В дальнем просвете между скалами чернеет лес, на опушке стоит человек в скафандре. Еще один здешний мираж.

Человек пошевелился. Да нет же, настоящий! Вероятно, геологоразведчик. Саймон повернул в ту сторону. Включив динамик шлема на максимум, он кричал на бегу и размахивал руками. Только бы его заметили. Только бы не улетели без него.

Глава 5

В кабине было холодно, ниже нуля по Цельсию. Ивена и Лейла в больших, не по размеру, скафандрах не мерзли, хотя щитки их шлемов были подняты, и Тина не стала прибавлять температуру. Ей скафандра не хватило, но она почти не чувствовала холода.

Она дважды теряла сознание, а девочки пытались ее лечить, как учил их Стив, и сейчас ей стало немного получше, но руки по-прежнему отечные, опухшие, из ребра левой ладони до половины высунулось лезвие, втянуть его обратно никак не получается, и со зрением что-то неладно.

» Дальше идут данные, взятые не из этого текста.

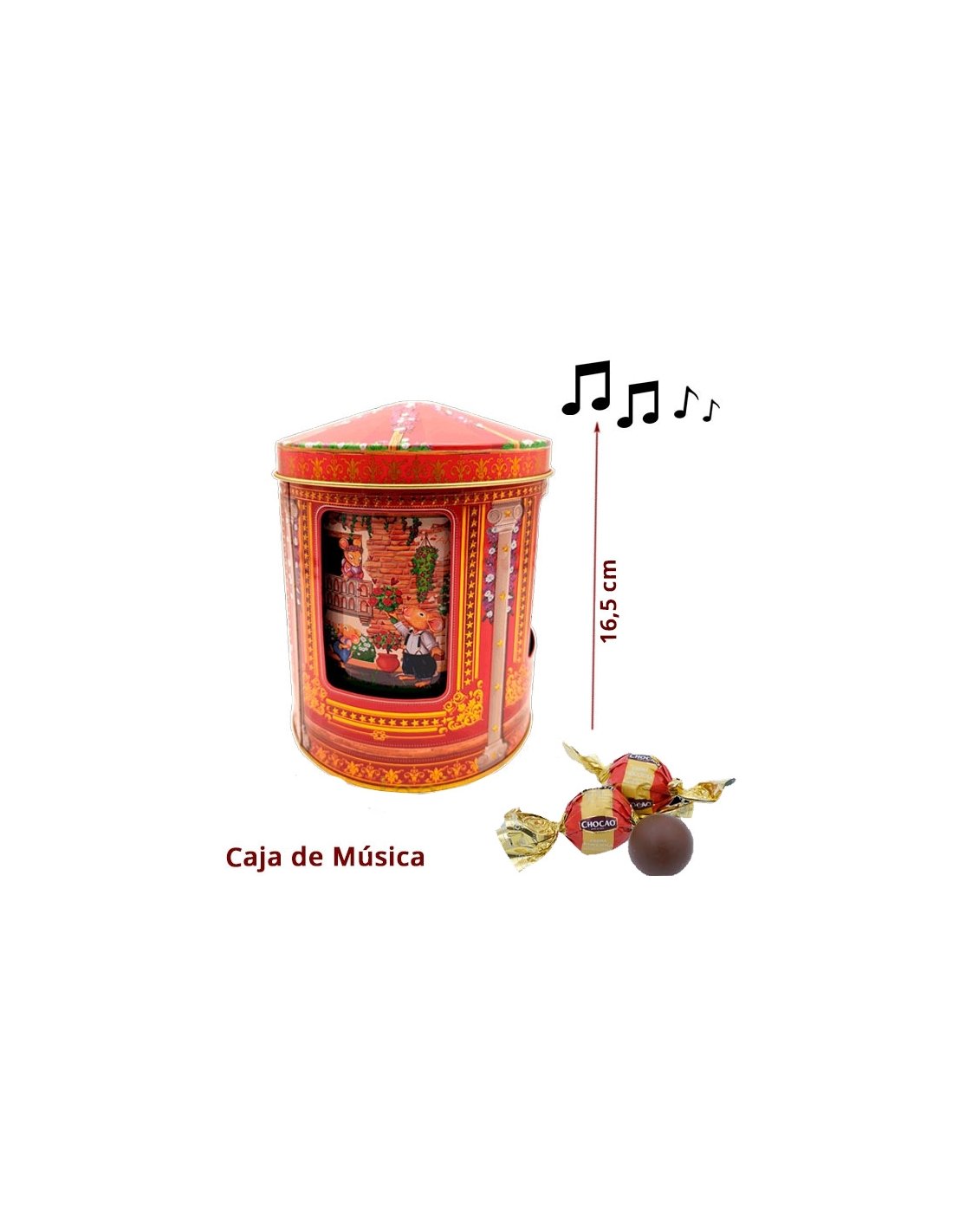 CAJA BOMBONES MUSICAL CARRUSEL ROMEO Y JULIETA 150gr es una lata de maxi bombones muy original para regalar en Navidad.

Вдобавок ощущение тяжести, как будто сам воздух на тебя давит – все-таки 2,5 g. Девочки страдали от этого сильнее, чем Тина. Они полулежали в креслах, кое-как пристроившись (машину заклинило в скальной развилке с порядочным креном), и старались лишний раз не двигаться.

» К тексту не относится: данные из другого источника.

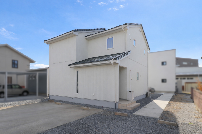 【外観】白を基調にした外壁。 凹凸のある形状で立体感を持たせた設計です。
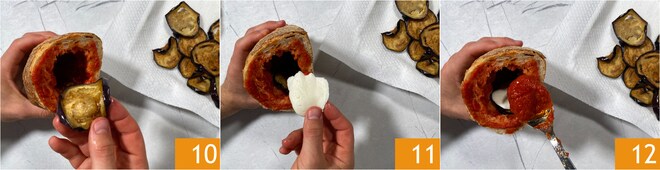 Fahren Sie fort mit einer Scheibe Aubergine 10, einer Scheibe Mozzarella 11 und weiterer Sauce 12.

По всей кабине белели сгустки выполнившего свое назначение амортизирующего желе. Вроде бы оно должно быть еще и съедобным, но аппетита ни у кого не было.

Если Стив до сих пор не появился, на то есть причины. Тина знала о мертвых зонах. Девочек Стив пока не обучал телепортации – для этого нужен хороший самоконтроль, иначе получится как у Поля: тот во время тренировки очутился в соседнем доме, который сносили строительные роботы, и заработал неистребимый страх перед телепортацией. Но даже если бы кто-то из них это умел, из мертвой зоны таким способом не выберешься.

За маленькими иллюминаторами справа и слева – голый неровный камень, за лобовым стеклом – внутренняя поверхность сомкнутых стальных створок. Наружные видеокамеры все еще функционируют. На одном из уцелевших обзорных экранов можно разглядеть исхлестанную ураганными ветрами тускло-розовую равнину с торчащими из земли, как рыбьи плавники из воды, невысокими прилизанными скалами, на другом – проносящиеся в сумасшедшей спешке тучи, невзрачное солнце и по соседству с ним бледный кружок луны (это, наверное, Руза).

Корпус машины подрагивал под ударами ветра. Снаружи постоянно шуршало и свистело, вселяющие тревогу звуки проникали сквозь обшивку.

– Тина, мы долго здесь проживем? – спросила Лейла.

– Около пятидесяти часов.

– Это за счет энергозапаса? Должна быть еще аварийная солнечная батарея.

– Вдребезги. Но, я надеюсь, за двое суток Стив что-нибудь придумает.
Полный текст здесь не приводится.